Wenn in einer großen, deutschen Zeitschrift für Twens und aufwärts, die sich nach dem zweitleichtesten Edelgas benannt hat, in einer Doppelkolumne die Rede von Frauen ist, die den männlichen Autor anmachen und nach seiner Telefonnummer fragen und darüber ein Foto des besagten Texters abgebildet ist, dann kann man davon ausgehen, dass es sich um Mädchen handelt.

Denn, ganz im Ernst, der abgebildete junge „Mann“ sieht aus, wie die unsportliche Version von Günter Netzer in seiner Zeit bei Mönchengladbach (um ’66). Zwanzigjährige Jungs, die ihre Freundinnen als Frauen bezeichnen, haben ihr entweder ein bis drei Kinder gemacht, ordentlichen Bizeps, einen Bartwuchs wie Salman Rushdie oder einen mächtigen Lümmel in der Hose. Aber kleine Studentinnen, die Xavier Naidoo-Texte mitsingen können, ihr Studium von den lieben Eltern finanziert kriegen oder wissen wie man Schiller richtig zitiert, die sind beim besten Willen keine Frauen.

Und das ist auch absolut OK so! Ich mag kleine Studentinnen. Ich habe keinen drei Kindern das Leben geschenkt, mein Bizeps ist nicht der prächtigste und was den Rest angeht: ich habe einen ganz ordentlichen Bartwuchs. Aber der Mann, der seine Telefonnummer an große, hübsche Frauen verteilt, der bin ich vielleicht in den Augen des achtjährigen Kindes, das mit seiner Mama in der Schlange am Bus steht und sie fragt warum der bärtige Kerl sich immer vordrängelt. Sonst bin ich eher der Junge oder der Typ oder einfach „Der“, der sich bei Mädels oder Miezen oder von mir aus „Ladys“ seine Bestätigung holt.

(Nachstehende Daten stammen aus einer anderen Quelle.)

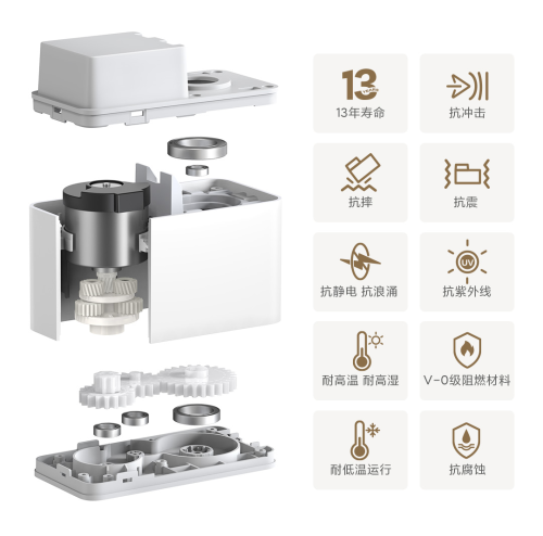 窗簾電機采用多重精密設計,運行噪音低于30分貝,即使夜間開合也不會干擾家人休息。小而強大即使是笨重的絨布窗簾也能絲滑平穩開合。此外,整機通過安全測試,可靠性測試多達23項,電機壽命長13年。

Ergo: Niemals auf dicke Hose schreiben, wenn über dem Artikel ein Portrait zu sehen ist, wie du mit hängenden Schultern in dein T-Shirt gepresst dein Knabengesicht in die Kamera hältst.

3 Kommentare:

Anonym hat gesagt…

Sehr schön geschrieben :D Ich werd mir unbedingt dieses Bild ansehen müssen!!!

Anonym hat gesagt…

das mit dem lümmel würd' ich gerne noch genauer wissen…

lizzz hat gesagt…

Wo ist das Bild von dem? Den will ich kennenlernen. Ernsthaft jetzt: könnte man nicht, in einem nachsichtigen Moment, den Willen des besagten Texters zu einer gewissen beziehungsmäßig angestrebten Ernsthaftigkeit hervorheben? Er nennt seine biersaufenden Erstsemester-Schlampen "Frauen"...das ist doch irgendwie süß. So a la "Ich bin jetzt bereit für was Festes und nenne deshalb meine Mädchen ab jetzt "Frauen". Könnt Ihr mir folgen?

Schlecht allerdings: sich selbst darüber auslassen, wie man Telefonnnummern zugesteckt bekommt. Schlechter Stil, das. Doch nicht kennenlernen.